Я стала чистить в кармане куртки мандарин.
— Интересно, почему те, кто назвал настоящий «Титаник» «Титаником», остановились именно на этом имени? Я никогда раньше об этом не думала. Они будто сами хотели, чтобы корабль утонул, или же знали заранее, что это непременно случится. Ведь титаны были повержены богами-олимпийцами, правильно? И слово «титанический» изначально несет в себе трагический смысл и некую обреченность. Очень хорошо сочетается с «тщеславием», о котором пишет Гарди: «Рядом неясные лунноглазые рыбы / Глядят на позолоту вокруг / И вопрошают: „Что делает здесь это тщеславие?“».[29]
— Вот об этом я и хотел с тобой поговорить, — сказал он. — Хотел испробовать на тебе свою теорию трагедии. Ты не против? Все равно мы, похоже, тут надолго застряли, а больше мне не с кем об этом поговорить.

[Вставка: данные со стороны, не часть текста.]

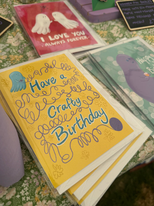 Happy Birthday Crafter Ghost Knitter Greeting Card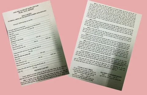 Mẫu bản cam kết về phòng, chống tệ nạn mại dâm. Ảnh: H.LAN
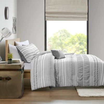 The Intelligent Design Cameron Striped Duvet Cover Set offers a chic casual comfort to your bedroom. This duvet cover features a modern stripe pattern that has a ruched and yarn-dyed look to create dimension, for a contemporary look. Duvet Cover yarn-dye look cationic dyed fabric on face, solid microfiber reverse. Duvet cover with button closure and 4 corner ties.

«А как же Лиз?» — подумала я. Ничего удивительного: похоже, никто не обсуждал с давними партнерами тех вещей, что по-настоящему интересовали. Боб ничего не знал о вязании Либби, а она слабо представляла себе, сколько струн у гитары. Каждый раз, когда Тэз заканчивал картину, мать говорила, что получилось очень красиво, но слишком сложно, чтобы она могла должным образом это оценить. Пожалуй, один из самых печальных фактов современной жизни заключается в том, что на работе, или на соседней улице, или на другом берегу всегда найдется тот, кто сумеет понять тебя лучше, чем человек, с которым ты живешь. У меня, правда, такого знакомого не было. Кристофер, насколько я помнила, когда-то в моем внутреннем мире что-то понимал, но его представление об этом мире давно устарело. По-моему, он даже не был в курсе, сколько книг у меня вышло. Но кому я хочу запудрить мозги? Лиз могла ничего не знать о «Титанике», зато она наверняка знала, какой у Роуэна любимый цвет, какое второе имя ему дали родители, когда у него день рождения, с чем он пьет чай — с сахаром или с молоком, храпит ли он и почему у них нет детей. Этот список можно было продолжать до бесконечности. Так что Роуэн вполне мог обойтись без разговора со мной. К тому же он так и не прислал мне ни одного письма.
— Я не против, — сказала я. — Я хочу использовать «Титаник» в своем романе. Думала начать с поэмы Гарди или как-нибудь ее ввернуть. Поэтому беседа с тобой — часть моего исследования. Да и вообще это интересный способ убить время в ожидании того, что мы вроде как должны утонуть.
Роуэн ухватился руками за перила и свесился за край парома. На мгновение мне показалось, что сейчас он свалится в реку. Ступни его оторвались от палубы. Но тут он развернулся и, подтянувшись на руках, уселся на ограждение: теперь опорой его спине служил лишь воздух, а внизу, под ногами, не было ничего — одна вода.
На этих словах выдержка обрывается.